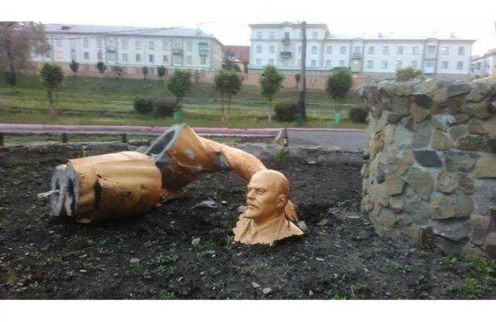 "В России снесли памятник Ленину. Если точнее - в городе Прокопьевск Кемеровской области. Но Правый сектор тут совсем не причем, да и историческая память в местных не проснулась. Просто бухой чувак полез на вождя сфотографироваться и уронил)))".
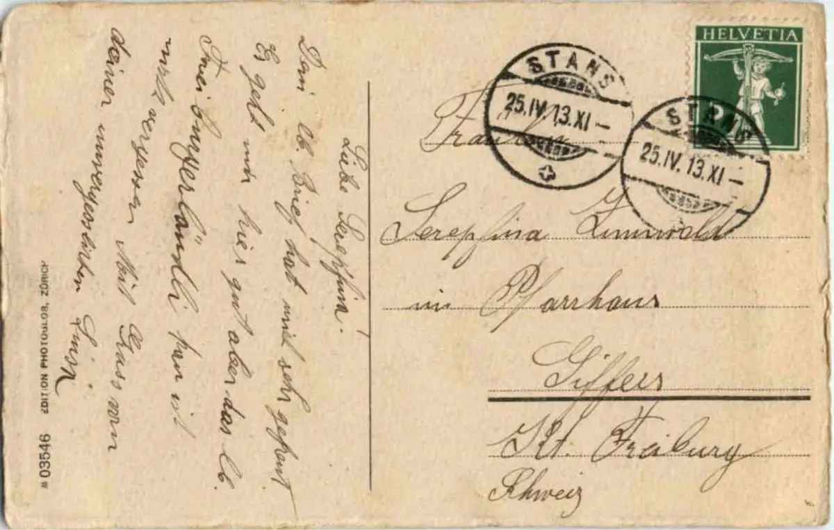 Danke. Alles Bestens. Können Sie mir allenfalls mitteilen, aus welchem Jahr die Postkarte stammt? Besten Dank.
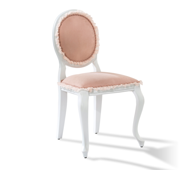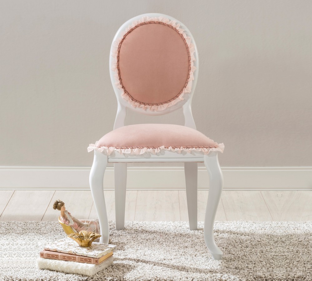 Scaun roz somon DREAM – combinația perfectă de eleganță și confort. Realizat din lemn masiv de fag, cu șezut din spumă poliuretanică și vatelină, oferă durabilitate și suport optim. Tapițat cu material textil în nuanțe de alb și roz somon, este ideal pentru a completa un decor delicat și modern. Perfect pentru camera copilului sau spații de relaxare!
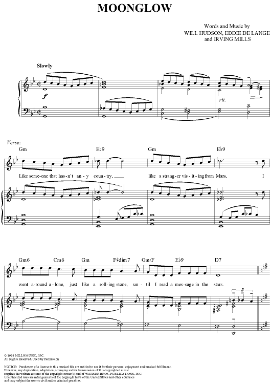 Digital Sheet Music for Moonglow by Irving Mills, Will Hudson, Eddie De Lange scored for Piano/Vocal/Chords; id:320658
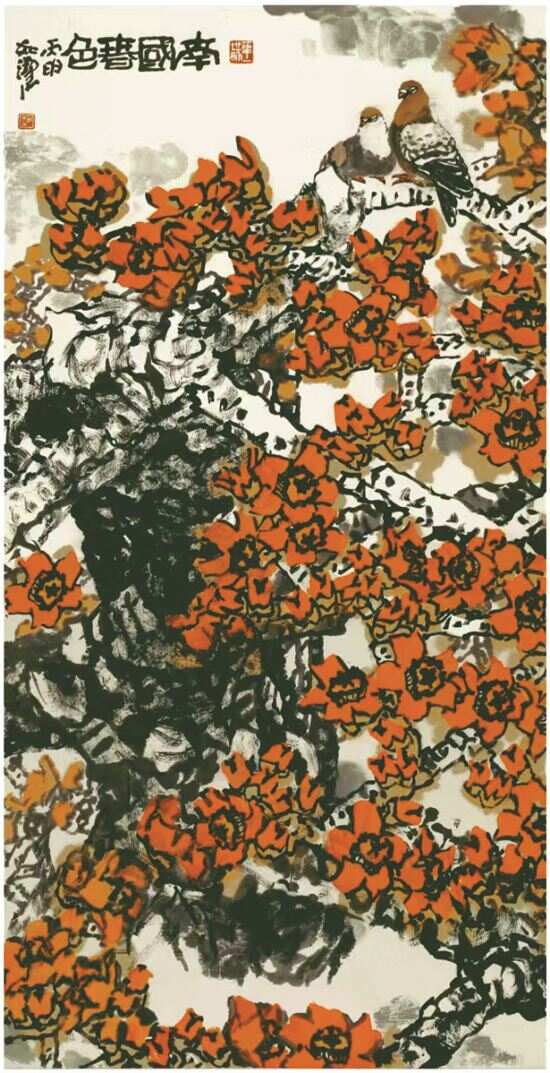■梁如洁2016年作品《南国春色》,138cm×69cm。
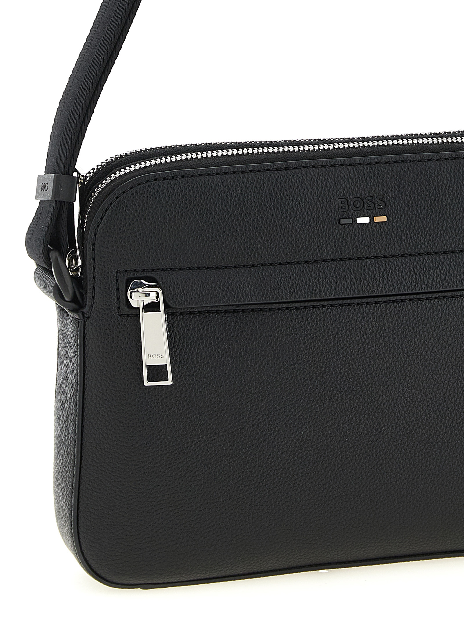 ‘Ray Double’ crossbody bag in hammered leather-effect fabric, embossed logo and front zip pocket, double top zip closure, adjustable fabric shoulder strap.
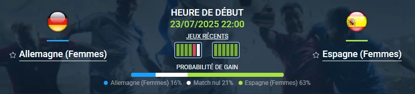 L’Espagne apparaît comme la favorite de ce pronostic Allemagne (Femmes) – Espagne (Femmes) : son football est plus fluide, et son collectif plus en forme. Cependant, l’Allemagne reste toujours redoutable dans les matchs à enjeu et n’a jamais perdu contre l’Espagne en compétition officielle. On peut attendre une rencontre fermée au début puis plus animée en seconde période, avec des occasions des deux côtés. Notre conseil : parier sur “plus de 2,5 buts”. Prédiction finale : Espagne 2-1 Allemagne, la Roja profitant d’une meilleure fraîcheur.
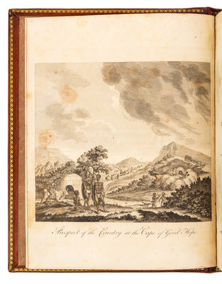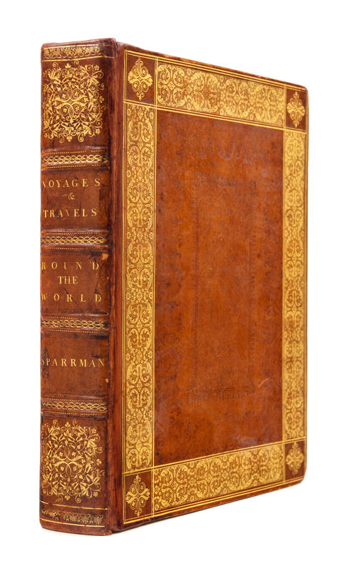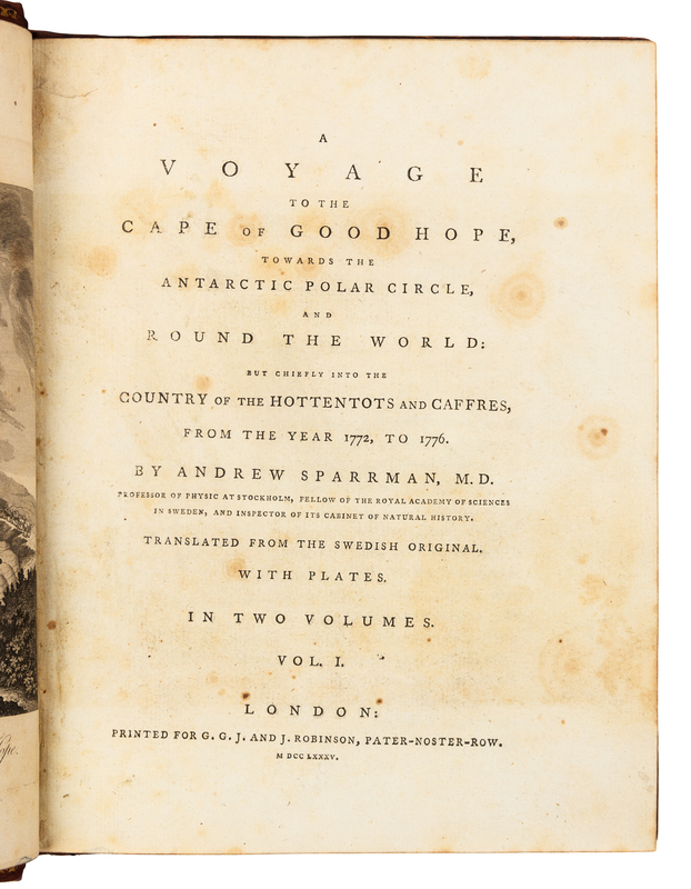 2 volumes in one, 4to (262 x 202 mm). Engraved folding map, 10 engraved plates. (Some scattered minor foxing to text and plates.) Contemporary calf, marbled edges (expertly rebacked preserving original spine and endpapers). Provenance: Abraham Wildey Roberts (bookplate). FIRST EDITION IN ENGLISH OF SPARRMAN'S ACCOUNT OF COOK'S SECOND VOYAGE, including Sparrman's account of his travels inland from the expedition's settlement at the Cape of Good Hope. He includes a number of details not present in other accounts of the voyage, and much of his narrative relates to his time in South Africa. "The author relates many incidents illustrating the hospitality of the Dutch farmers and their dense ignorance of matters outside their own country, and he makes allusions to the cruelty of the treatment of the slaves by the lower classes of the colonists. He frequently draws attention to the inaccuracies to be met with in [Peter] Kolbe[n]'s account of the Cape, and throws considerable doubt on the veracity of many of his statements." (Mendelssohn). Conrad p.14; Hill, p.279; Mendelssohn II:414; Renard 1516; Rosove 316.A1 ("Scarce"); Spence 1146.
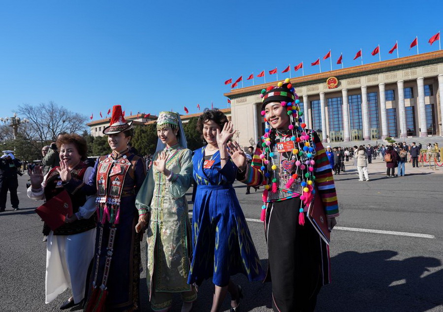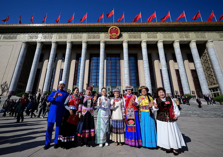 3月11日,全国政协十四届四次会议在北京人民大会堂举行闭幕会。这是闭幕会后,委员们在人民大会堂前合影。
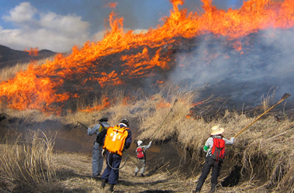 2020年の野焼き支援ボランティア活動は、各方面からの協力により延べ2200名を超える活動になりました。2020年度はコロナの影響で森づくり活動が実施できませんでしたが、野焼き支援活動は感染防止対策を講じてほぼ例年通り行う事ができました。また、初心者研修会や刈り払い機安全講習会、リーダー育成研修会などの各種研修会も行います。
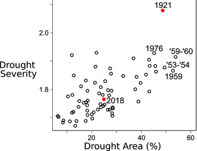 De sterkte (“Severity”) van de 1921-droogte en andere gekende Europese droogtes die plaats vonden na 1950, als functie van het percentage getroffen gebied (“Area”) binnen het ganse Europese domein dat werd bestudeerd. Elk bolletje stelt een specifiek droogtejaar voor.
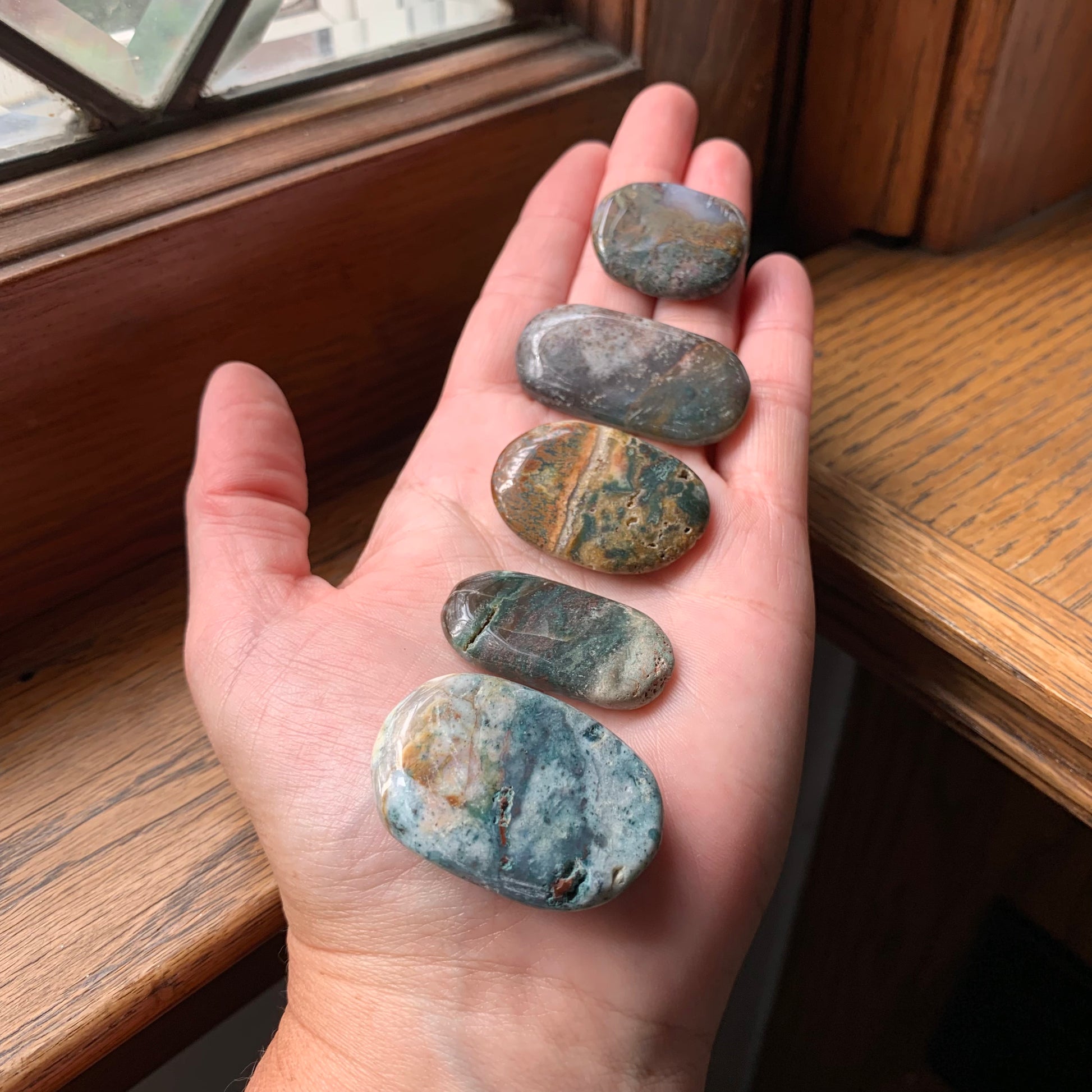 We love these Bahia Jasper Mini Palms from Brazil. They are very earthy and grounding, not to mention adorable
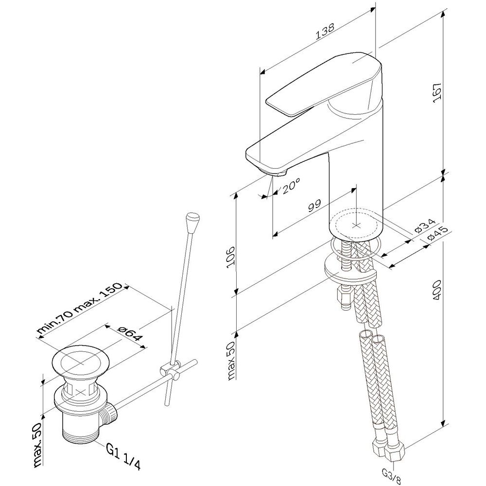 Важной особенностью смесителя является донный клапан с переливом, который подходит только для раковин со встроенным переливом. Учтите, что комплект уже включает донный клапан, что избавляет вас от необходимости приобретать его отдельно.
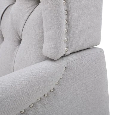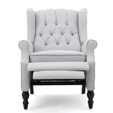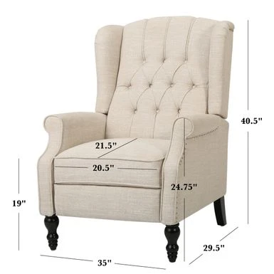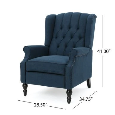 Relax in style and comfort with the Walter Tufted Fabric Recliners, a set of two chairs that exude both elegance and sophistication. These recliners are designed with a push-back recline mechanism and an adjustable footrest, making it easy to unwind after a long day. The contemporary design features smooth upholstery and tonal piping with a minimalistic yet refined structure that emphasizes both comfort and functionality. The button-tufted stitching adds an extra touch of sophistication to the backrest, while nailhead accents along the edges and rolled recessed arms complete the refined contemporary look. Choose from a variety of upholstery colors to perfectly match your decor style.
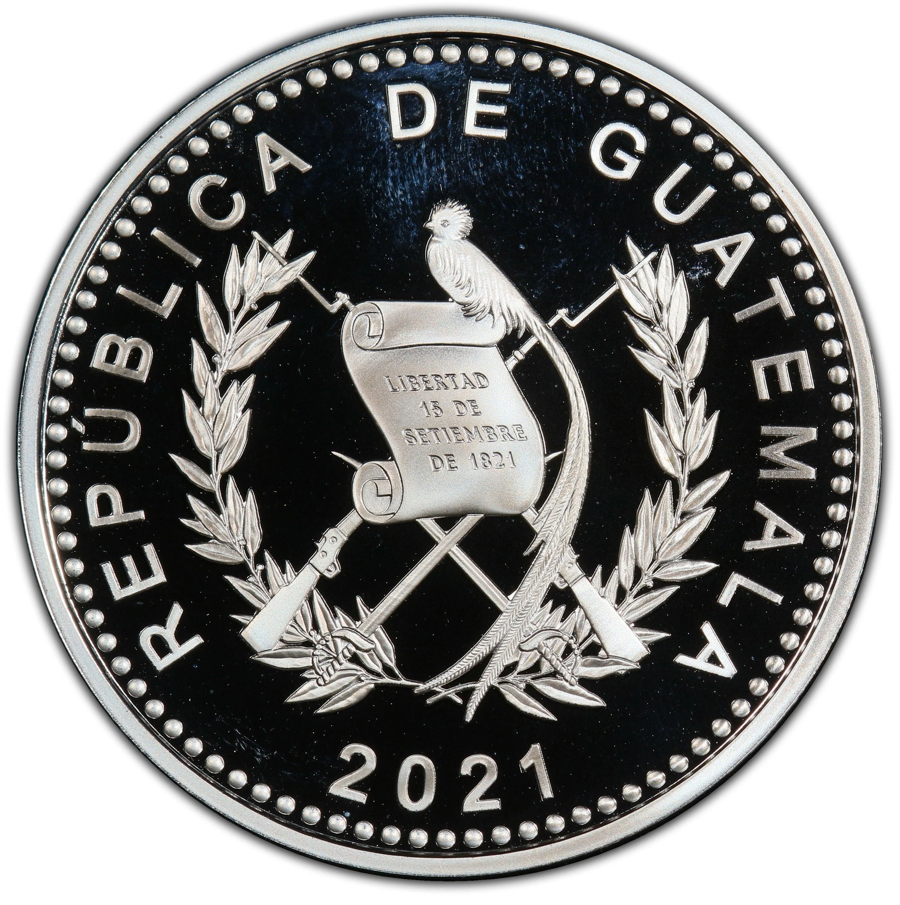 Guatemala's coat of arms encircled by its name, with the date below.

WORK REQUIRED. Please, without any pictures, print each entry exactly.

EXPECTED OUTPUT.
 "В России снесли памятник Ленину. Если точнее - в городе Прокопьевск Кемеровской области. Но Правый сектор тут совсем не причем, да и историческая память в местных не проснулась. Просто бухой чувак полез на вождя сфотографироваться и уронил)))".
 Danke. Alles Bestens. Können Sie mir allenfalls mitteilen, aus welchem Jahr die Postkarte stammt? Besten Dank.
 Scaun roz somon DREAM – combinația perfectă de eleganță și confort. Realizat din lemn masiv de fag, cu șezut din spumă poliuretanică și vatelină, oferă durabilitate și suport optim. Tapițat cu material textil în nuanțe de alb și roz somon, este ideal pentru a completa un decor delicat și modern. Perfect pentru camera copilului sau spații de relaxare!
 Digital Sheet Music for Moonglow by Irving Mills, Will Hudson, Eddie De Lange scored for Piano/Vocal/Chords; id:320658
■梁如洁2016年作品《南国春色》,138cm×69cm。
 ‘Ray Double’ crossbody bag in hammered leather-effect fabric, embossed logo and front zip pocket, double top zip closure, adjustable fabric shoulder strap.
 L’Espagne apparaît comme la favorite de ce pronostic Allemagne (Femmes) – Espagne (Femmes) : son football est plus fluide, et son collectif plus en forme. Cependant, l’Allemagne reste toujours redoutable dans les matchs à enjeu et n’a jamais perdu contre l’Espagne en compétition officielle. On peut attendre une rencontre fermée au début puis plus animée en seconde période, avec des occasions des deux côtés. Notre conseil : parier sur “plus de 2,5 buts”. Prédiction finale : Espagne 2-1 Allemagne, la Roja profitant d’une meilleure fraîcheur.
 2 volumes in one, 4to (262 x 202 mm). Engraved folding map, 10 engraved plates. (Some scattered minor foxing to text and plates.) Contemporary calf, marbled edges (expertly rebacked preserving original spine and endpapers). Provenance: Abraham Wildey Roberts (bookplate). FIRST EDITION IN ENGLISH OF SPARRMAN'S ACCOUNT OF COOK'S SECOND VOYAGE, including Sparrman's account of his travels inland from the expedition's settlement at the Cape of Good Hope. He includes a number of details not present in other accounts of the voyage, and much of his narrative relates to his time in South Africa. "The author relates many incidents illustrating the hospitality of the Dutch farmers and their dense ignorance of matters outside their own country, and he makes allusions to the cruelty of the treatment of the slaves by the lower classes of the colonists. He frequently draws attention to the inaccuracies to be met with in [Peter] Kolbe[n]'s account of the Cape, and throws considerable doubt on the veracity of many of his statements." (Mendelssohn). Conrad p.14; Hill, p.279; Mendelssohn II:414; Renard 1516; Rosove 316.A1 ("Scarce"); Spence 1146.
 3月11日,全国政协十四届四次会议在北京人民大会堂举行闭幕会。这是闭幕会后,委员们在人民大会堂前合影。
 2020年の野焼き支援ボランティア活動は、各方面からの協力により延べ2200名を超える活動になりました。2020年度はコロナの影響で森づくり活動が実施できませんでしたが、野焼き支援活動は感染防止対策を講じてほぼ例年通り行う事ができました。また、初心者研修会や刈り払い機安全講習会、リーダー育成研修会などの各種研修会も行います。
 De sterkte (“Severity”) van de 1921-droogte en andere gekende Europese droogtes die plaats vonden na 1950, als functie van het percentage getroffen gebied (“Area”) binnen het ganse Europese domein dat werd bestudeerd. Elk bolletje stelt een specifiek droogtejaar voor.
 We love these Bahia Jasper Mini Palms from Brazil. They are very earthy and grounding, not to mention adorable
 Важной особенностью смесителя является донный клапан с переливом, который подходит только для раковин со встроенным переливом. Учтите, что комплект уже включает донный клапан, что избавляет вас от необходимости приобретать его отдельно.
 Relax in style and comfort with the Walter Tufted Fabric Recliners, a set of two chairs that exude both elegance and sophistication. These recliners are designed with a push-back recline mechanism and an adjustable footrest, making it easy to unwind after a long day. The contemporary design features smooth upholstery and tonal piping with a minimalistic yet refined structure that emphasizes both comfort and functionality. The button-tufted stitching adds an extra touch of sophistication to the backrest, while nailhead accents along the edges and rolled recessed arms complete the refined contemporary look. Choose from a variety of upholstery colors to perfectly match your decor style.
 Guatemala's coat of arms encircled by its name, with the date below.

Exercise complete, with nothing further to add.